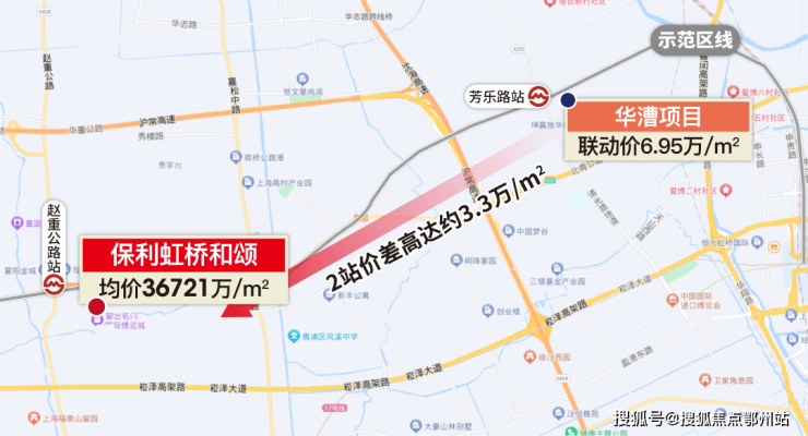 一方面,沿着示范区线2站外的华漕已 6.95万/㎡ ,1站外的华新 4.75万/㎡ ,这样的差价在全市都极为少有。
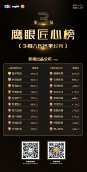 “鹰眼团队以媒体咨询顾问的基因,服务影视内容产业,体现了专业、理性、客观的职业精神。鹰眼的很多优秀文章,我们内部经常分享学习,有启发、有借鉴。第三届鹰眼匠心榜以影视从业者大样本评委的角度,评选出好项目和好公司,值得期待。”
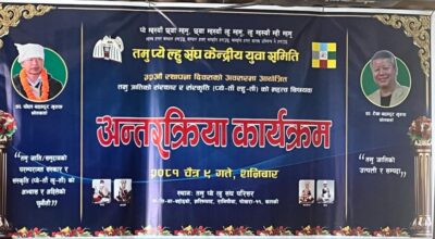 पोखरा । तमू प्ये ल्हु संघ केन्द्रिय युवा समितिले ३२औं स्थापना दिवसको अवसरमा तमू समुदायको उत्पत्ति र सम्पदा, परम्परागत, संस्कृति, अभ्यास र अहिलेको चुनौति विषयमा अन्तरक्रिया कार्यक्रम सम्पन्न भएको छ ।
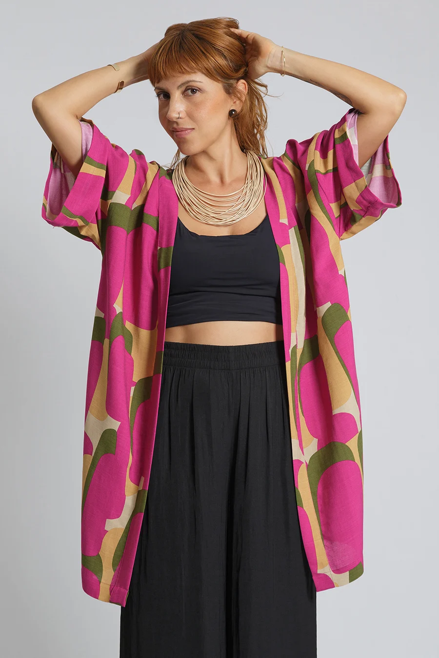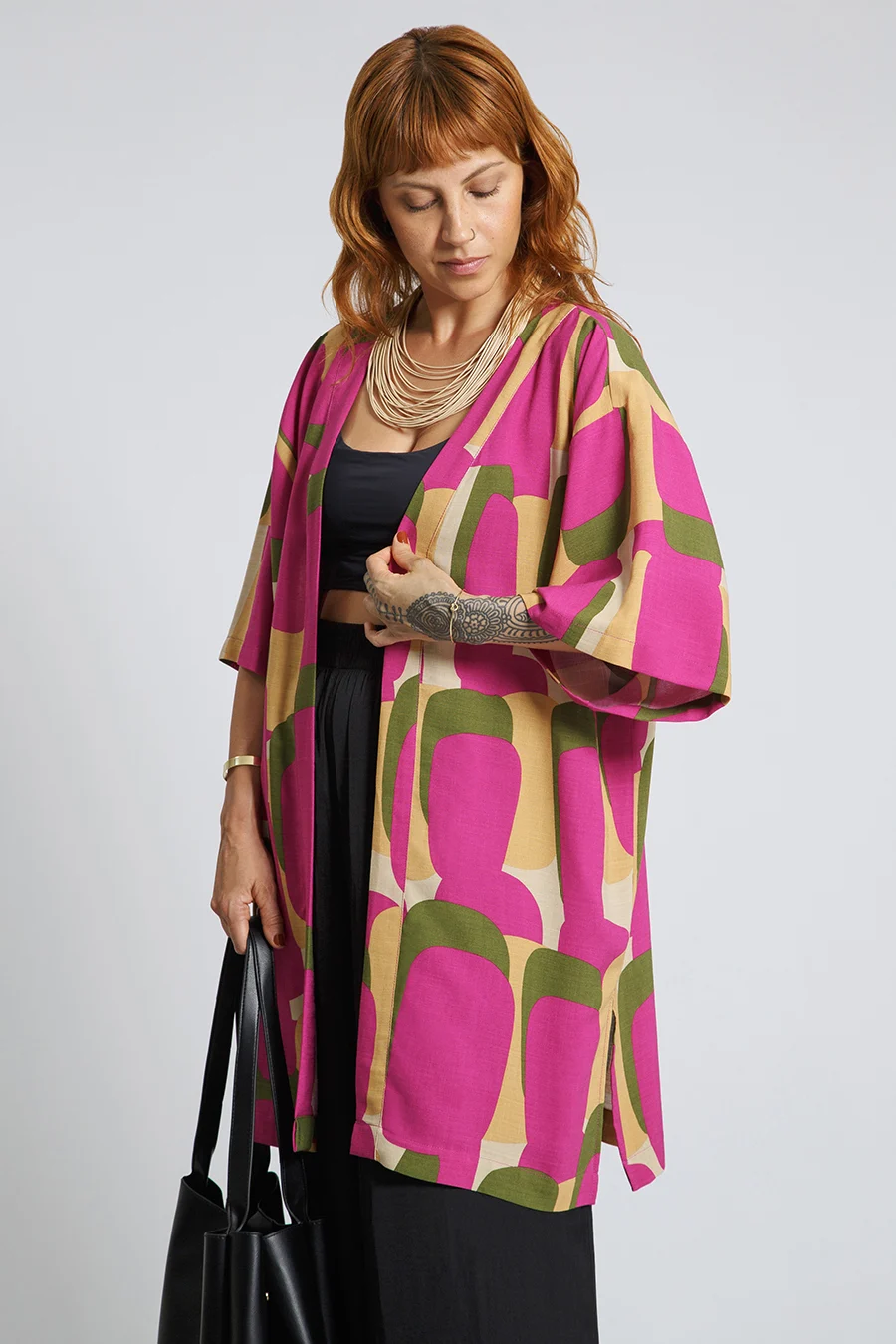 Os Kimonos Fashion Clue possuem corte reto e um molde amplo.

_Task requirements_. The aim is an exact repeat of the entire listing, stripped of pictures.

_Task solution_.
 一方面,沿着示范区线2站外的华漕已 6.95万/㎡ ,1站外的华新 4.75万/㎡ ,这样的差价在全市都极为少有。
 “鹰眼团队以媒体咨询顾问的基因,服务影视内容产业,体现了专业、理性、客观的职业精神。鹰眼的很多优秀文章,我们内部经常分享学习,有启发、有借鉴。第三届鹰眼匠心榜以影视从业者大样本评委的角度,评选出好项目和好公司,值得期待。”
 पोखरा । तमू प्ये ल्हु संघ केन्द्रिय युवा समितिले ३२औं स्थापना दिवसको अवसरमा तमू समुदायको उत्पत्ति र सम्पदा, परम्परागत, संस्कृति, अभ्यास र अहिलेको चुनौति विषयमा अन्तरक्रिया कार्यक्रम सम्पन्न भएको छ ।
 Os Kimonos Fashion Clue possuem corte reto e um molde amplo.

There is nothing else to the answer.